I nodded. “Could you operate your computer with the power turned off, Timothy?”

“Isn’t that a pretty condescending sort of question, doctor?”

“I suppose it is. Okay, I’ll be more direct. Do you think you can run your body without giving it any fuel?”

“My body runs just fine,” he said, with a defiant edge.

“Does it? What sports do you play?”

“Sports?” It might have been a Martian word.

“You know, the normal weight for someone of your age and height ought to be—”

“There’s nothing normal about me, doctor. Why should my weight be any more normal than the rest of me?”

“It was until last year, apparently. Then you stopped eating. Your family is worried about you, you know.”

“I’ll be okay,” he said sullenly.

“You want to stay healthy, don’t you?”

He stared at me for a long chilly moment. There was something close to hatred in his eyes, or so I imagined.

“What I want is to disappear,” he said.

That night I dreamed I was disappearing. I stood naked and alone on a slab of gray metal in the middle of a vast empty plain under a sinister coppery sky and I began steadily to shrink. There is often some carryover from the office to a therapist’s own unconscious life: we call it counter-transference. I grew smaller and smaller. Pores appeared on the surface of the metal slab and widened into jagged craters, and then into great crevices and gullies. A cloud of luminous dust shimmered about my head. Grains of sand, specks, mere motes, now took on the aspect of immense boulders. Down I drifted, gliding into the darkness of a fathomless chasm. Creatures I had not noticed before hovered about me, astonishing monsters, hairy, many-legged. They made menacing gestures, but I slipped away, downward, downward, and they were gone. The air was alive now with vibrating particles, inanimate, furious, that danced in frantic zigzag patterns, veering wildly past me, now and again crashing into me, knocking my breath from me, sending me ricocheting for what seemed like miles. I was floating, spinning, tumbling with no control. Pulsating waves of blinding light pounded me. I was falling into the infinitely small, and there was no halting my descent. I would shrink and shrink and shrink until I slipped through the realm of matter entirely and was lost. A mob of contemptuous glowing things—electrons and protons, maybe, but how could I tell?—crowded close around me, emitting fizzy sparks that seemed to me like jeers and laughter. They told me to keep moving along, to get myself out of their kingdom, or I would meet a terrible death. “To see a world in a grain of sand,” Blake wrote. Yes. And Eliot wrote, “I will show you fear in a handful of dust.” I went on downward, and downward still. And then I awoke gasping, drenched in sweat, terrified, alone.

Normally the patient is uncommunicative. You interview parents, siblings, teachers, friends, anyone who might provide a clue or an opening wedge. Anorexia is a life-threatening matter. The patients—girls, almost always, or young women in their twenties—have lost all sense of normal body-image and feel none of the food-deprivation prompts that a normal body gives its owner. Food is the enemy. Food must be resisted. They eat only when forced to, and then as little as possible. They are unaware that they are frighteningly gaunt. Strip them and put them in front of a mirror and they will pinch their sagging empty skin to show you imaginary fatty bulges. Sometimes the process of self-skeletonization is impossible to halt, even by therapy. When it reaches a certain point the degree of organic damage becomes irreversible and the death-spiral begins.

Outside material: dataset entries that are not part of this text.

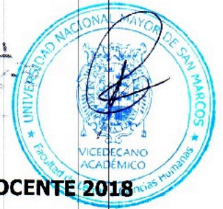
TABLA DE EVALUACIÓN - CONCURSO PÚBLICO PARA CONTRATO DOCENTE 2018
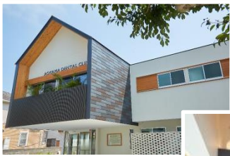
2019年に 移転リニューアル！
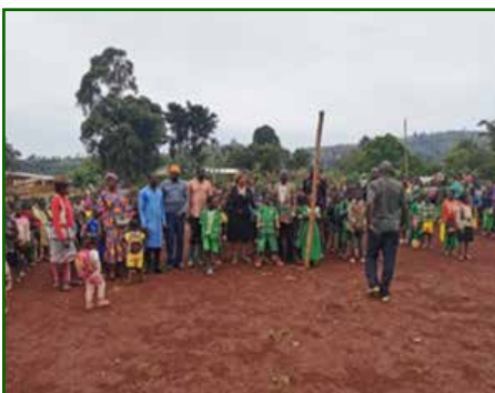
Descente au complexe scolaire de Bamelo
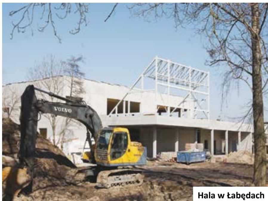
Hala w Łabędach
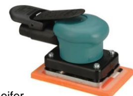
für Schleifer DY-58503 ohne Absaugung
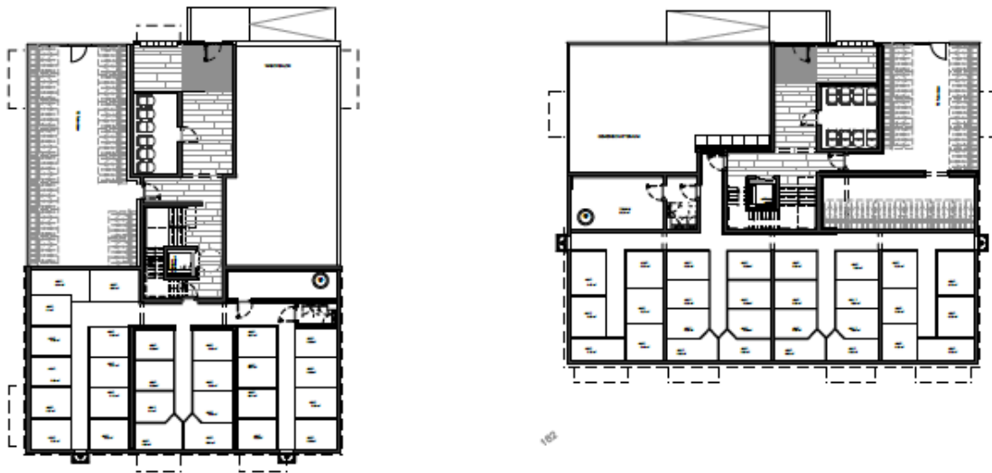
Grundriss: Gemeinschaftsräume – großzügige Fahrradräume - Mieterkeller
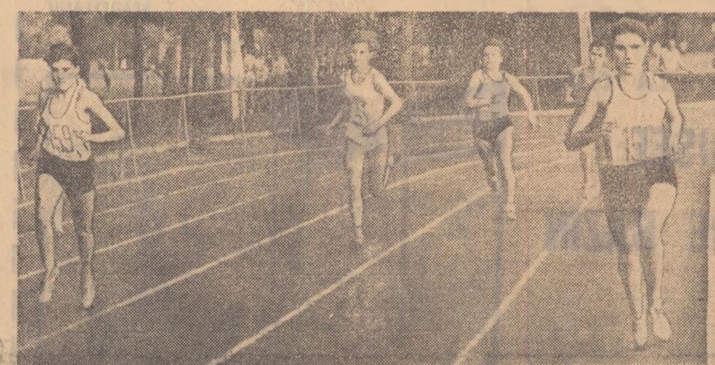
Aspect din desfășurarea probei de 800 m.

În calendarul competițional internațional al ciclismului de pistă românesc și-a făcut loc o nouă întrecere: „CUPA ZIARULUI SPORTUL“. Ea debutează astăzi, la ora 16,30, pe ovalul de beton de la Dinamo, reunind la start redutabilele echipe ale R. D. GERMANIEI, BULGARIEI, UNGARIEI și ROMÂNIEI.
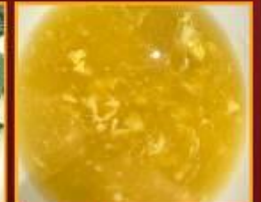
ซุ๊ปข้าวโพด
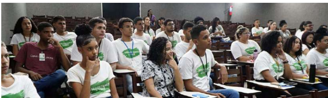
O evento foi realizado no Auditório Alice Figueira

Reconhecimento – Em 2016, durante o II Encontro de Empresas Parceiras do Programa Jovem Aprendiz, promovido pela Escola Dom Bosco, o IMIP recebeu o Prêmio de Honra ao Mérito em reconhecimento ao desempenho, à participação e à contribuição, alcançando o resultado de inserções efetivas de jovens no seu quadro de funcionários no programa Jovem Aprendiz.
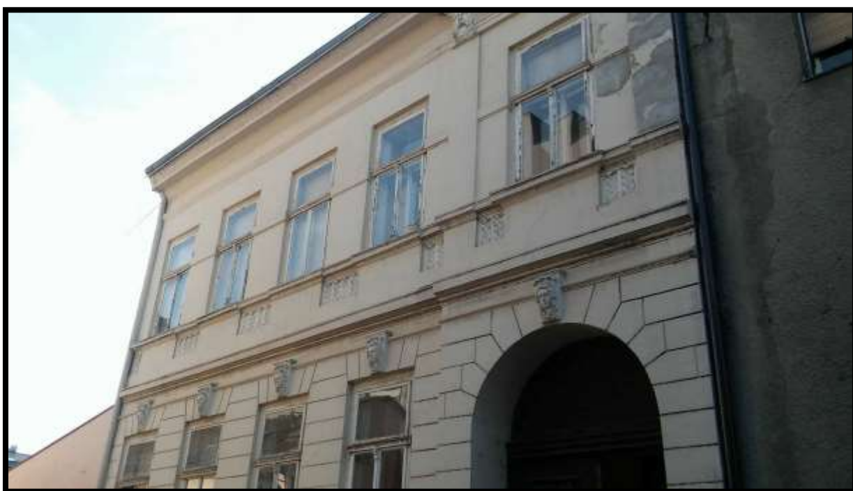
Ivana pl. Zajca br. 13

“He was always tremendously bright,” Timothy’s mother said. She was fifty, a striking woman, trim, elegant, almost radiant, vice president for finance at one of the biggest Valley companies. I knew her in that familiarly involuted California way: her present husband used to be married to my first wife. “A genius, his teachers all said. But strange, you know? Moody. Dreamy. I used to think he was on drugs, though of course none of the kids do that any more.” Timothy was her only child by her first marriage. “It scares me to death to watch him wasting away like that. When I see him I want to take him and shake him and force ice cream down his throat, pasta, milkshakes, anything. And then I want to hold him, and I want to cry.”